Mar 25 01:03:01 turing-police kernel: [ 1862.036000] audit: freed 18870 aux entries
Mar 25 01:03:01 turing-police kernel: [ 1862.036000]  <c0103aeb> show_trace+0xd/0xf 
 <c0103b8c> dump_stack+0x17/0x19
Mar 25 01:03:01 turing-police kernel: [ 1862.036000]  <c0130646>
audit_syscall_exit+0x38f/0x3c7   <c010505c> do_syscall_trace+0x60/0x16e
Mar 25 01:03:01 turing-police kernel: [ 1862.040000]  <c01027d6>
syscall_exit_work+0x12/0x18
Mar 25 01:12:59 turing-police kernel: [ 2460.180000] audit: freed 6785 aux entries
Mar 25 01:12:59 turing-police kernel: [ 2460.180000]  <c0103aeb> show_trace+0xd/0xf 
 <c0103b8c> dump_stack+0x17/0x19
Mar 25 01:12:59 turing-police kernel: [ 2460.180000]  <c0130fb8>
audit_free+0x204/0x238   <c011220a> __put_task_struct+0x8c/0xf
Mar 25 01:12:59 turing-police kernel: [ 2460.180000]  <c011442b>
delayed_put_task_struct+0x3b/0x42   <c0122878> __rcu_process_callbacks+0x121/0x177
Mar 25 01:12:59 turing-police kernel: [ 2460.180000]  <c01228e0>
rcu_process_callbacks+0x12/0x23   <c01179a5> tasklet_action+0x3a/0x60
Mar 25 01:12:59 turing-police kernel: [ 2460.180000]  <c011791f>
__do_softirq+0x43/0x8f   <c01047ad> do_softirq+0x47/0x52
Mar 25 01:12:59 turing-police kernel: [ 2460.180000]  =======================
Mar 25 01:12:59 turing-police kernel: [ 2460.180000]  <c0117c19> ksoftirqd+0x74/0xe3
  <c012461c> kthread+0x97/0xc4
Mar 25 01:12:59 turing-police kernel: [ 2460.180000]  <c0100ac9>
kernel_thread_helper+0x5/0xb
Mar 25 01:13:00 turing-police kernel: [ 2460.880000] audit: freed 48848 aux entries
Mar 25 01:13:00 turing-police kernel: [ 2460.880000]  <c0103aeb> show_trace+0xd/0xf 
 <c0103b8c> dump_stack+0x17/0x19
Mar 25 01:13:00 turing-police kernel: [ 2460.880000]  <c0130fb8>
audit_free+0x204/0x238   <c011220a> __put_task_struct+0x8c/0xf1
Mar 25 01:13:00 turing-police kernel: [ 2460.884000]  <c011442b>
delayed_put_task_struct+0x3b/0x42   <c0122878> __rcu_process_callbacks+0x121/0x177
Mar 25 01:13:00 turing-police kernel: [ 2460.884000]  <c01228e0>
rcu_process_callbacks+0x12/0x23   <c01179a5> tasklet_action+0x3a/0x60
Mar 25 01:13:00 turing-police kernel: [ 2460.884000]  <c011791f>
__do_softirq+0x43/0x8f   <c01047ad> do_softirq+0x47/0x52
Mar 25 01:13:00 turing-police kernel: [ 2460.884000]  =======================
Mar 25 01:13:00 turing-police kernel: [ 2460.884000]  <c0117a3f> irq_exit+0x30/0x3c 
 <c0104759> do_IRQ+0x7a/0x87
Mar 25 01:13:00 turing-police kernel: [ 2460.888000]  <c01030ae>
common_interrupt+0x1a/0x20

(I'm not sure what precipitated the kfree of 18K entries.  The 6K and 48K ones
came out of restarting the X server...)

I think the problem is that we get into audit_syscall_exit() and hit this:

        /* Not having a context here is ok, since the parent may have
         * called __put_task_struct. */
        if (likely(!context))
                goto out;

and we bail, leaving the memory pending till some later time.
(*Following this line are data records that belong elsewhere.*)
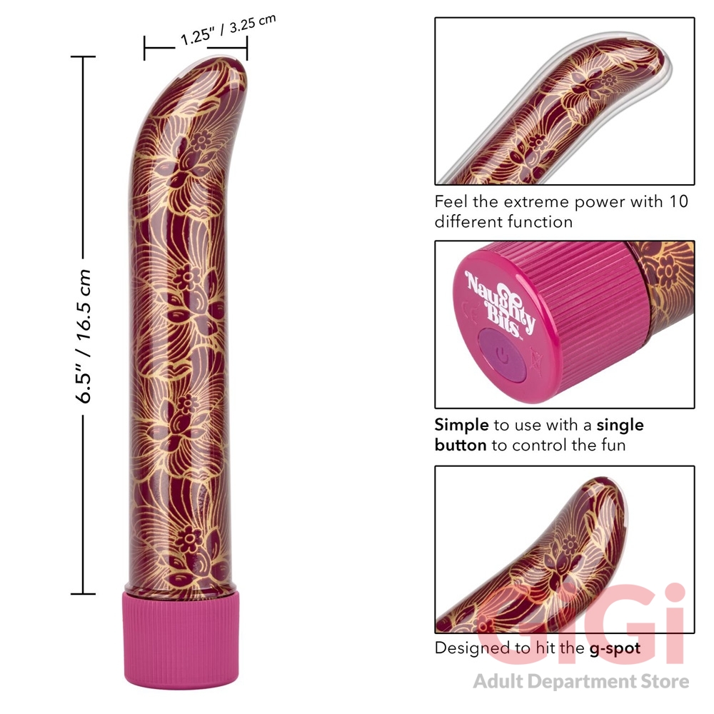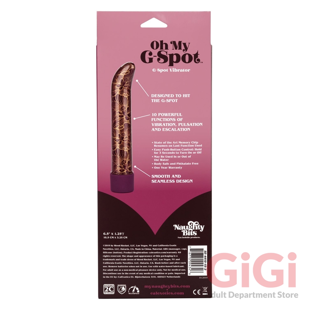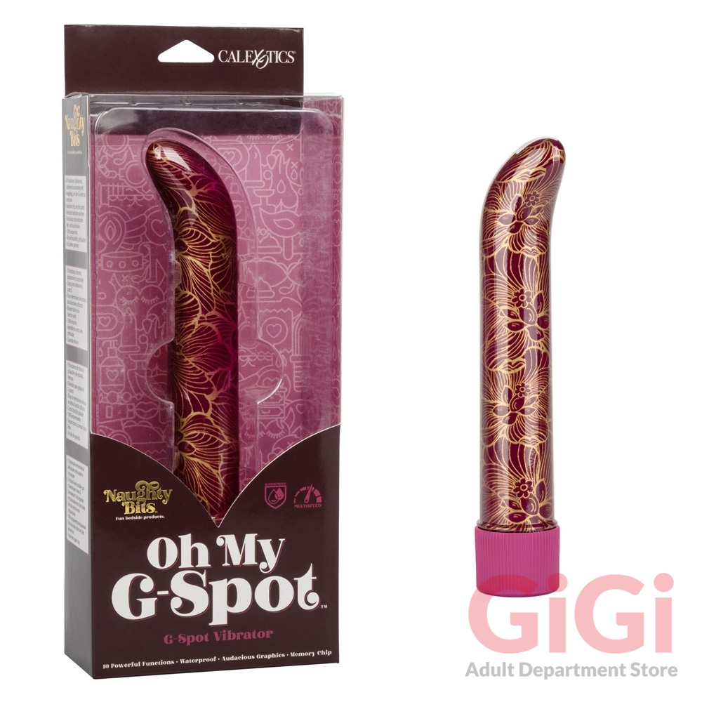 OH MY G! The Naughty Bits™ Naughty Bits™ Oh My G-Spot™ G-Spot Vibrator knows just how to make you say Oh my G! The soft floral pattern vibe has a smooth, seamless body and curved tip packed with 10 functions of shaking vibration.Get playful while you cycle through 10 indulgent vibration, pulsation and escalation functions with the easy-touch control button. With curves in just the right places, the vibe’s sensual curve tip delivers deep, rumbling gyrations directly to your g-spot! The erotically curved design is made to perfectly caress you most intimate curves so you can always hit just the right spot.While the sleek, seamless vibe body inspires dirty fantasies, the bold design and direct message on the shaft make this pleasure toy stand out in any nightstand. Power up your pleasure with 2 C batteries.The Naughty Bits™ collection is made to stand out in any nightstand with eye-catching designs and orgasmic features. The sensually curved tip and soft floral pattern of this gorgeous massager will make even the most stylish lover smiling before and after.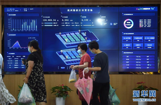 浙江省杭州市的5G農(nóng)貿(mào)市場——駱家莊農(nóng)貿(mào)市場的大屏幕上實(shí)時顯示交易、客流等相關(guān)情況(5月17日攝)。新華社記者 韓傳號 攝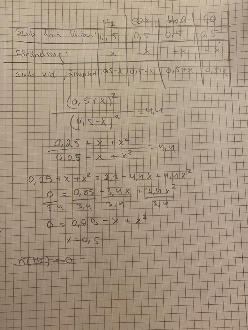 I ett försök blandade man 0,500 mol av vardera gasen i ett kärl med volymen 0,250 dm3. Därefter hettade man upp blandningen till 2000 K och lät jämvikten ställa in sig. Hur stor substansmängd av de fyra gaserna fanns det då?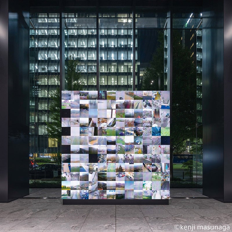 世界に偏在するCCTVカメラ映像を収集、これを一つの大きな窓に見立てたスクリーン上で組み合わせ、ビルの中と世界をつなぐことを意図した作品。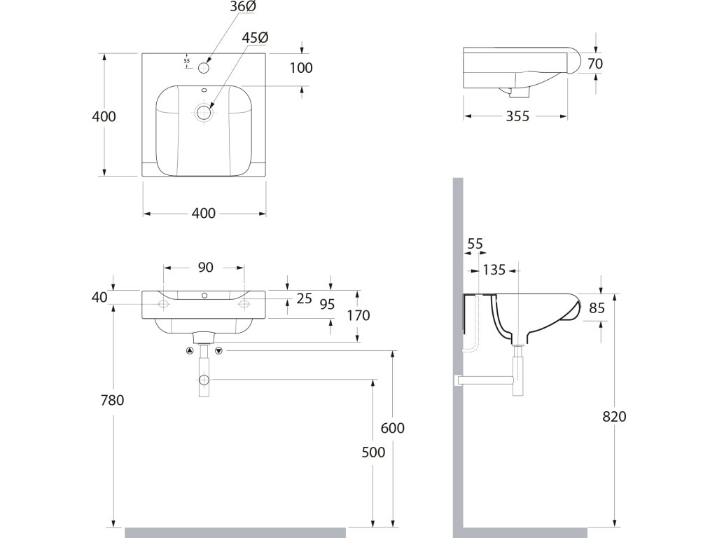 Instalace: | Nástěnná-šrouby, Polozápustné |

If that goto doesn't
get
us, then we hit this:

        if (context->auditable)
                audit_log_exit(context, GFP_KERNEL);

which may be the source of the audit message flood I've seen - we suddenly dump
out not only *this* syscall's log entry, but also the previous 45,948 or so aux
entries that we haven't gotten around to freeing.  Looks like on my box, these
only get freed when a process exits, or we generate an AVC.

And since I have selinux in "permissive" mode at the moment, we only generate
an avc the first time we hit something - and as a result, after the first 15-20
minutes of uptime, we generate avc's very rarely, so those aux entries pile up
at the rate of about 2K/minute.

I strongly suspect the dentry references kept by the AUDIT_AVC_PATH code that
finally get freed by the dput() in audit_free_aux are why I was also seeing the
leaking sock_inode_cache and selinux_inode_alloc_security slab allocations...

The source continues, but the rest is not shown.